Data section Start Marker

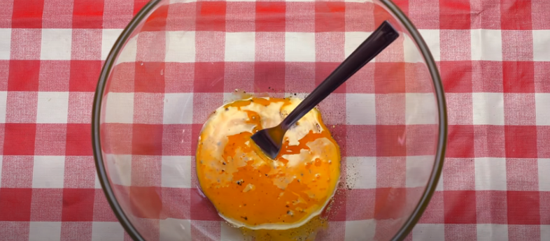 Toma un tenedor y mezcla muy bien las yemas hasta dejarlas bien integradas; y una vez que las yemas estén ligadas, añade sal y también una buena cantidad de pimienta negra recién molida.
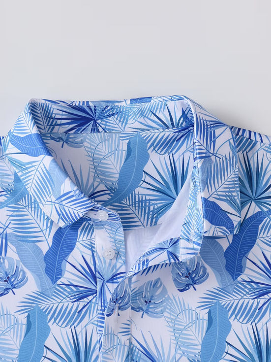 Crisp white base. Layered with palms, fronds, and tropical leaves in soft powder blue, sky blue, and deeper ocean tones. The overlapping foliage creates depth without feeling busy. It’s airy, light, and effortlessly fresh.
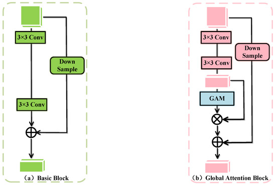 CNNs rely on the local receptive fields of convolutional kernels, which typically focus only on limited regions of the feature map, making it difficult to model long-range dependencies or global context. To address the limitations of ResNet in global feature extraction, we introduce a Global Attention Mechanism (GAM) [43] into its basic residual block, thereby constructing the GA module. The structure of the basic residual block in ResNet is shown in Figure 2a, and the architecture of the GA module is illustrated in Figure 2b. By combining the strengths of the Channel Attention Mechanism (CAM) and the Spatial Attention Mechanism (SAM), GAM captures salient features across three dimensions—channel, spatial width, and spatial height—thus mitigating the loss of critical information and the lack of cross-dimensional feature interaction caused by the convolution process in CNNs.

Data section End Marker

* _Task description_
For this exercise, write the listing out again exactly, excluding all images.

* _Reply to the exercise_
 Toma un tenedor y mezcla muy bien las yemas hasta dejarlas bien integradas; y una vez que las yemas estén ligadas, añade sal y también una buena cantidad de pimienta negra recién molida.
 Crisp white base. Layered with palms, fronds, and tropical leaves in soft powder blue, sky blue, and deeper ocean tones. The overlapping foliage creates depth without feeling busy. It’s airy, light, and effortlessly fresh.
 CNNs rely on the local receptive fields of convolutional kernels, which typically focus only on limited regions of the feature map, making it difficult to model long-range dependencies or global context. To address the limitations of ResNet in global feature extraction, we introduce a Global Attention Mechanism (GAM) [43] into its basic residual block, thereby constructing the GA module. The structure of the basic residual block in ResNet is shown in Figure 2a, and the architecture of the GA module is illustrated in Figure 2b. By combining the strengths of the Channel Attention Mechanism (CAM) and the Spatial Attention Mechanism (SAM), GAM captures salient features across three dimensions—channel, spatial width, and spatial height—thus mitigating the loss of critical information and the lack of cross-dimensional feature interaction caused by the convolution process in CNNs.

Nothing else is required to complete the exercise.